Work instructions: Each line between the one holding "观音寺镇人民政府关于2025年第四季度脱贫人口贴息补助资金的公示" and the end of the material below, both included, is to be transcribed word for word, with pictures left out.

Given material:

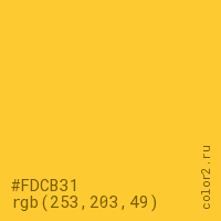 Цвет #FDCB31 в цветовой модели RGB обозначается тремя октетами (253, 203, 49) в десятичном формате и #FDCB31 в шестнадцатиричном (hex) формате, которые являются интенсивностью красного 253 (hex FD), интенсивность зелёного 203 (hex CB) и интенсивность синего 49 (hex 31).
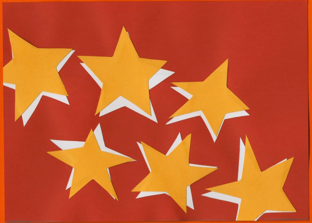 For the design, I cut out 6 stars, not trying hard to have them be even or equal, but also ensuring they were readable as stars. I then traced the stars onto white paper and cut out another 6. I placed the white stars on a red piece of paper cut to A5 size and then overlaid them with yellow stars. I wanted them to look disjointed and rough, not like a smooth and consistent drop shadow. This was actually one of the final pieces I worked on and I, unfortunately, forgot to add a 7th star, which I regret now. I think it’s a strong design, and I’m happy with it, but it would make more sense with a 7th!
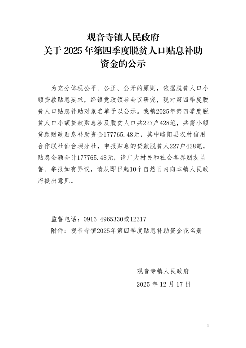 观音寺镇人民政府关于2025年第四季度脱贫人口贴息补助资金的公示
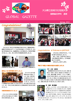 国際総合学科では活動報告などのホットなニュースやイベント情報を掲載している学科通信「GLOBAL GAZETTE」の春号を発行しています。春号では表面で卒業式、卒業研究発表会や新任教員紹介を、裏面では学生の語学実習の感想と昨年度退職された教員への贈る言葉が、多くの写真とともに掲載されています。

Solution:
 观音寺镇人民政府关于2025年第四季度脱贫人口贴息补助资金的公示
 国際総合学科では活動報告などのホットなニュースやイベント情報を掲載している学科通信「GLOBAL GAZETTE」の春号を発行しています。春号では表面で卒業式、卒業研究発表会や新任教員紹介を、裏面では学生の語学実習の感想と昨年度退職された教員への贈る言葉が、多くの写真とともに掲載されています。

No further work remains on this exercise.